The Hannover Marathon is an annual road running event featuring races over the marathon, half marathon and 10 km distance that is held in May in the city of Hannover, Germany. Over 15,000 people took part in the day's races at the 2011 edition of the event. The half marathon attracts the highest number of entries from the public (over 5000) while the marathon race typically features up to 2000 runners annually.

The marathon race holds IAAF Silver Label status and it is part of the German Road Races group. The race is officially known as the HAJ Hannover Marathon, as Hannover Airport is the current title sponsor. Previous race names include the Energie Hannover Marathon (1999 to 2001) and the Spielbanken Niedersachsen Marathon (2002 to 2007).
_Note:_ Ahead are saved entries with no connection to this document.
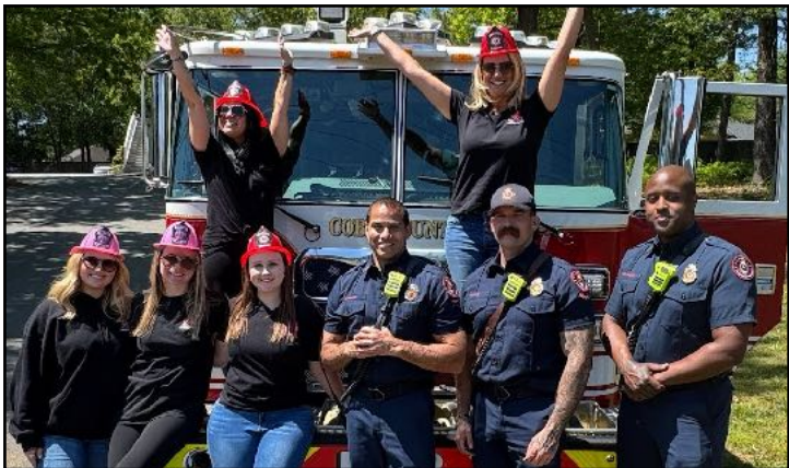
Firefighters attending the appreciation lunch at the Janice Overbeck Real Estate Team office.

Attendees lined up to grab hot-dogs and hamburgers. The event not only offered a hot lunch but also a strong sense of community support and appreciation. Local businesses and citizens were excited to take part in recognizing some of the hardest working men and women in the region.
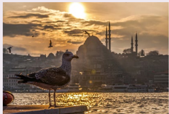
Istanbul landscape.
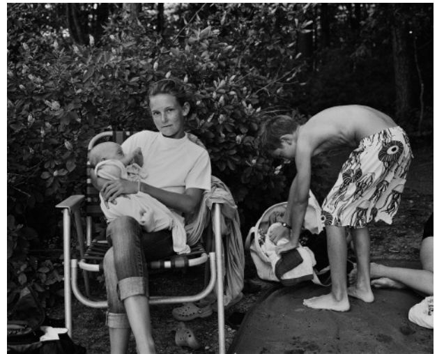
4. Mothering, August 2011
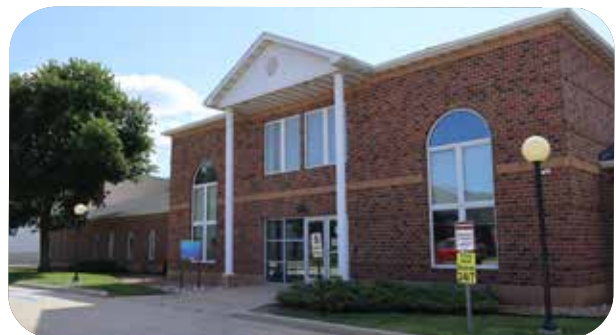
North Campus - High School and Middle School
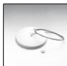
SURF BASETTA SOSP.BCO M090620
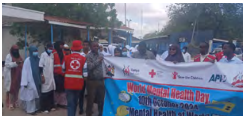
Wajir Campus during the World Mental Day.
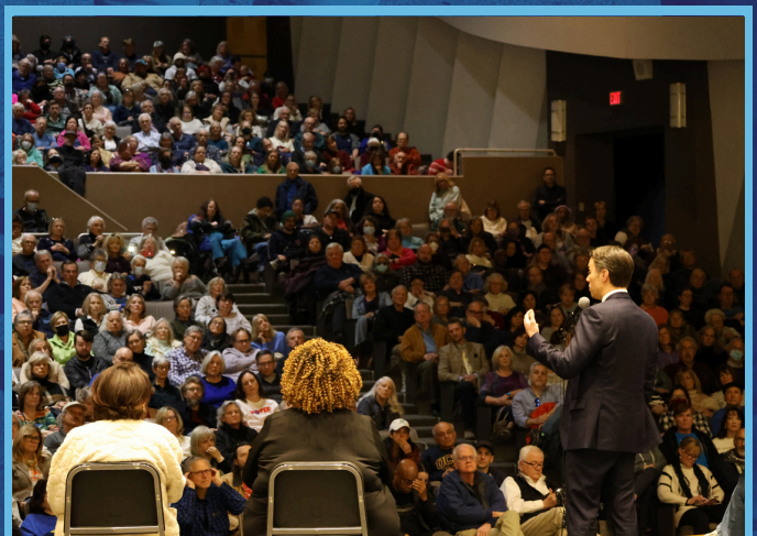
McGARVEY HOSTS TOWN HALL AT BALLARD HIGH SCHOOL
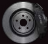
4-PISTON - FRONT GREY CALIPERS
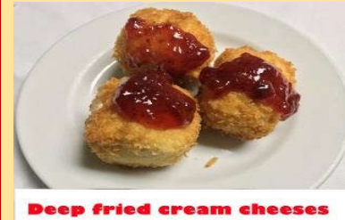
#14. Cream cheese 炸芝士 (3 pcs)
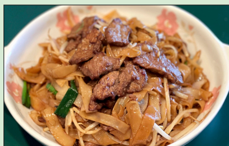
Beef Chow Fun
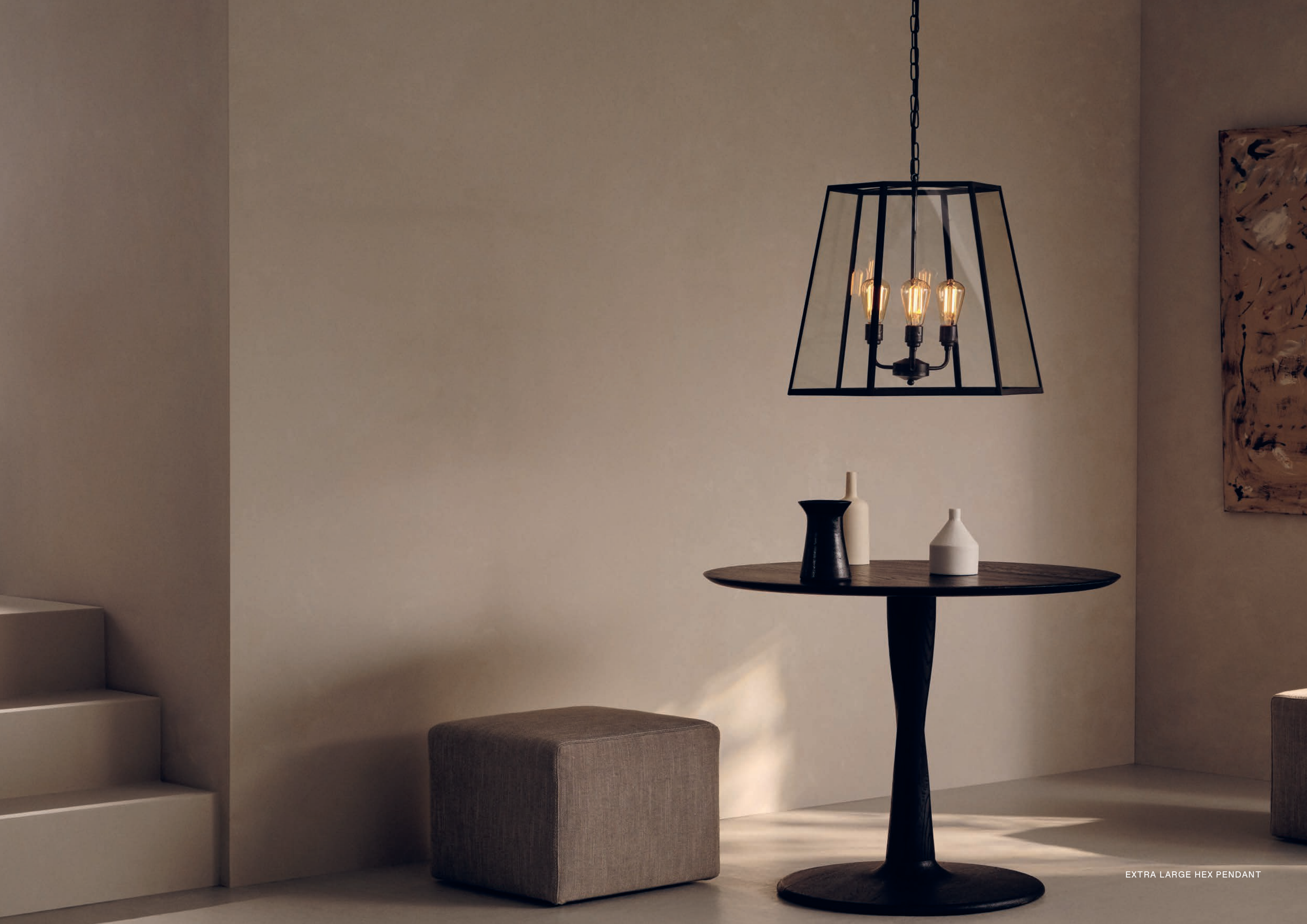
EXTRA LARGE HEX PENDANT
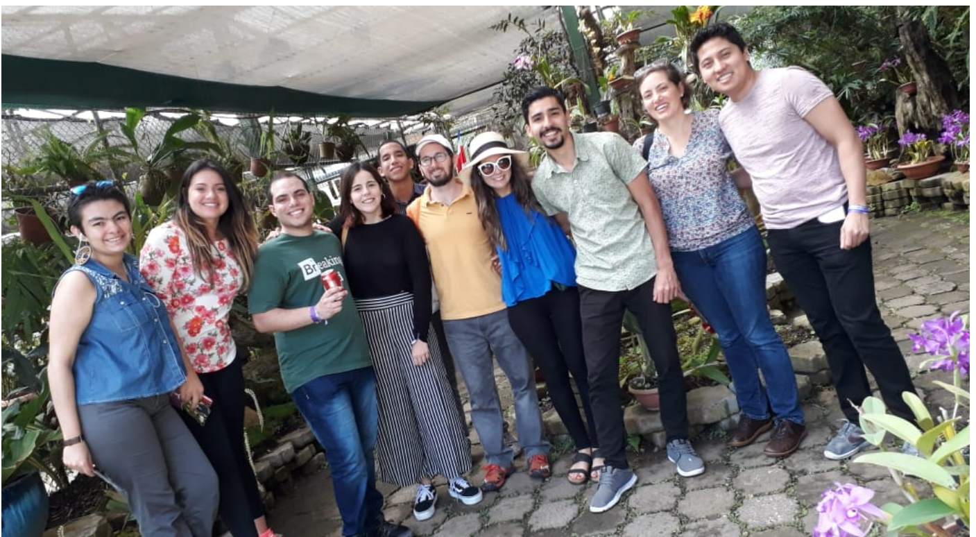
Photo: participants at the summit in Costa Rica.

The participants, from across the Latin American region deemed the event a great success. The next summit in the region is planned for Medellin, Colombia in 2020. Other summits will take place at the time of the other regional congresses as well as stand-alone events, the first being in Europe in 2019.
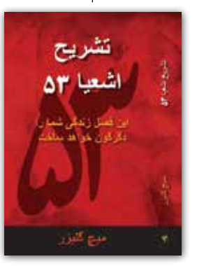
Isaiah 53 Explained in Farsi, the language of Iran

The question we naturally want to ask is this: "Is the current conflict between Israel and Iran a reflection of the spiritual battle between God and the devil as we draw closer to the end of this age?" It certainly seems so! Both Ephesians 6 and Daniel 10 pull back the curtains of heaven to show us that this earthly war reflects heavenly realities. The nations of the world, inspired by Satan himself, seek the destruction of God's chosen people in order to put a stop to the plan of God for the end of the age (Romans 11:11-19). This would elevate the Middle East conflict beyond the political and into the spiritual realm!

The marathon has elite level participants and German, East African and Eastern European runners have been the most successful in this category. The course records were both broken in 2013: South Africa's Lusapho April has the men's best of 2:08:32 hours while Olena Burkovska holds the women's record of 2:27:07 hours. Natalia Galushko has won the race the most times, with three straight wins from 1995 to 1997, while Stephan Freigang and Andrey Gordayev are the most successful male runners, having both had two back-to-back wins.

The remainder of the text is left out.